The Texas Permian Basin Petroleum Index in August posted its first monthly increase in 21 months (since peaking in November 2014), increasing by a tenth of a point to 208.6 up from 208.5 in July. The increase is small, and the regional oil & gas activity index remains down by 28% year-over-year; however, the turn upward is a long-awaited milestone, and with a couple of caveats may signal the technical end of the contraction in the Texas Permian Basin energy exploration & production economy.
The Odessa Economic Index remains in contraction through August, however, declining again to 196.1 for the month down from 197.4 in July (revised slightly upward from the original 197.3 due to an upward revision in employment and home sales data for July), and down 12.2% from the August 2015 OEI of 223.2.
Should the August increase in the Texas Permian Basin Petroleum Index ultimately hold up, the contraction in the regional oil & gas E&P economy will have lasted 20 months, with the index peak in November 2014, and the index trough in July 2016. However, a little more time is required to determine whether or not the July 2016 index nadir indeed represents the turning point from industry contraction to expansion. First and foremost, obviously, prices and activity levels could stall and retreat at some point in the near future, which might possibly send the index back into contraction. Beyond that, some of the current index data could be revised at some future point which would result in a recalibration of the index at that point. The most likely candidate is the oil & gas employment data, which is subject to slight revision next month, and may potentially undergo a major revision in early 2017.
Again, though, this particular very slight turn upward is encouraging, and the likelihood is that it does indeed signal the cyclical low point in the current contraction. The index is designed to minimize month-to-month volatility and only experience turning points when the change from contraction to expansion (or vice versa) is the real deal. The change in crude oil prices from the February low point and the resulting response in the Permian Basin rig count suggest that that is the case.

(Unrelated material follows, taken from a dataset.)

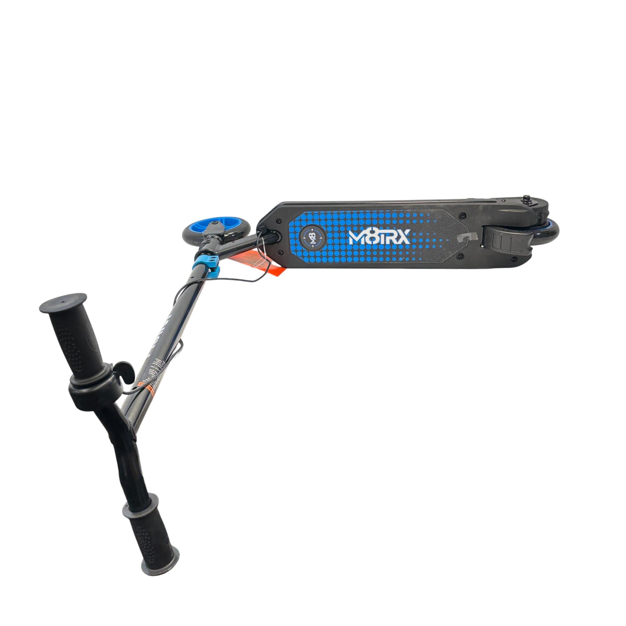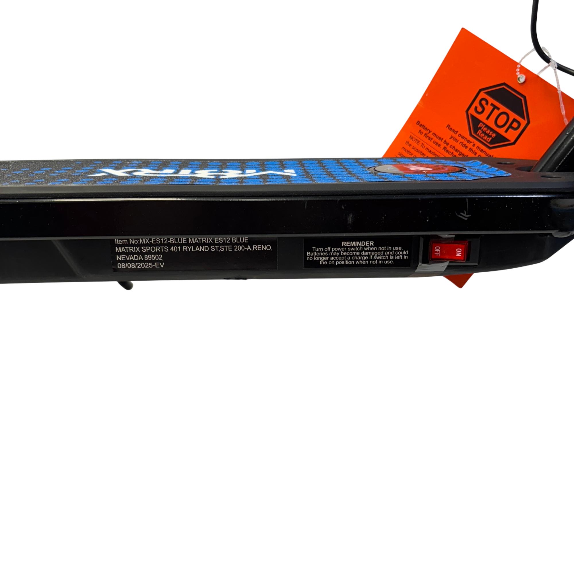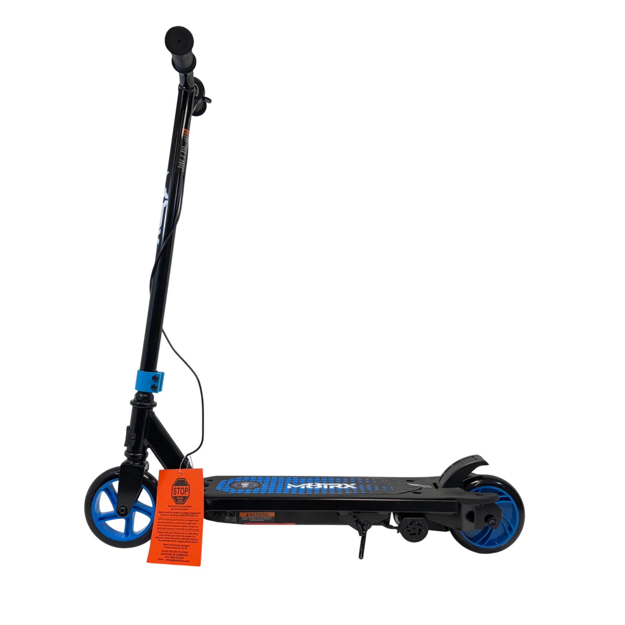 The Matrix 12 Volt Electric Scooter features a sturdy black and blue design with adjustable handlebars, making it suitable for both adults and teens. This electric scooter is equipped with durable wheels and a reliable 12-volt motor to provide an efficient and smooth ride, ideal for urban transportation and outdoor activities.

The monthly average rig count improved to 160 in August (again, we use the sum of the monthly average rig counts for Railroad Commission Districts 7C, 8, and 8A), up from 139 in July, and the low point of 121 in May. The weekly count has reached as high as 169 in September for that region. The number of drilling permits issued in that same region has yet to reach a discernible bottom; the number of permits issued through August is still down by close to 20% compared to the first eight months of a year ago, which in turn was down by 55% compared to the previous year.
At the very least, the time between a turning point in the regional oil & gas economy and the Odessa general economy as reflected by the Odessa Economic Index would be 3 months or so, and even that would presume the rapid onset of strong recovery in the oil & gas sector, which is not really the case here. The Odessa Economic Index will likely continue to contract for the coming few months, and may begin to turn around by late 2016 or early 2017 depending on the nature and strength of the stimulus provided by expanded oil & gas activity.
For now, though, the OEI table of economic indicators continues to register deep year-over-year declines in general spending, auto spending, hotel/motel activity, airport passenger boardings, and construction (both total construction and single-family home building). Existing home sales were higher for the month, though the price was sharply lower compared to a high average price in August of a year ago.
According to current employment estimates, Odessa payroll employment – simply the estimated number of jobs in the Odessa metro area – remains down by about 2% in August compared to August of a year ago, which in turn was down by 6-7% compared to August of the prior year. General real (inflation-adjusted) spending remains down by over 20% year-over-year, and real auto spending is down by 20% year-over-year as well (and down by nearly 15% in August).
Existing home sales spiked upward in August, with the number of closed sales up by 38% compared to August of a year ago. Sales over the last two years had fallen significantly - home sales in August 2014 and August 2015 were down by 15% and 17%, respectively compared to August of the prior year. The August 2016 monthly average price was down by 18% compared to August of a year ago; however, the August 2015 monthly average sale price was up by over 14% compared to August of the prior year. Thus far in 2016, the average home sale price is down by 4.1% compared to the first eight months of a year ago.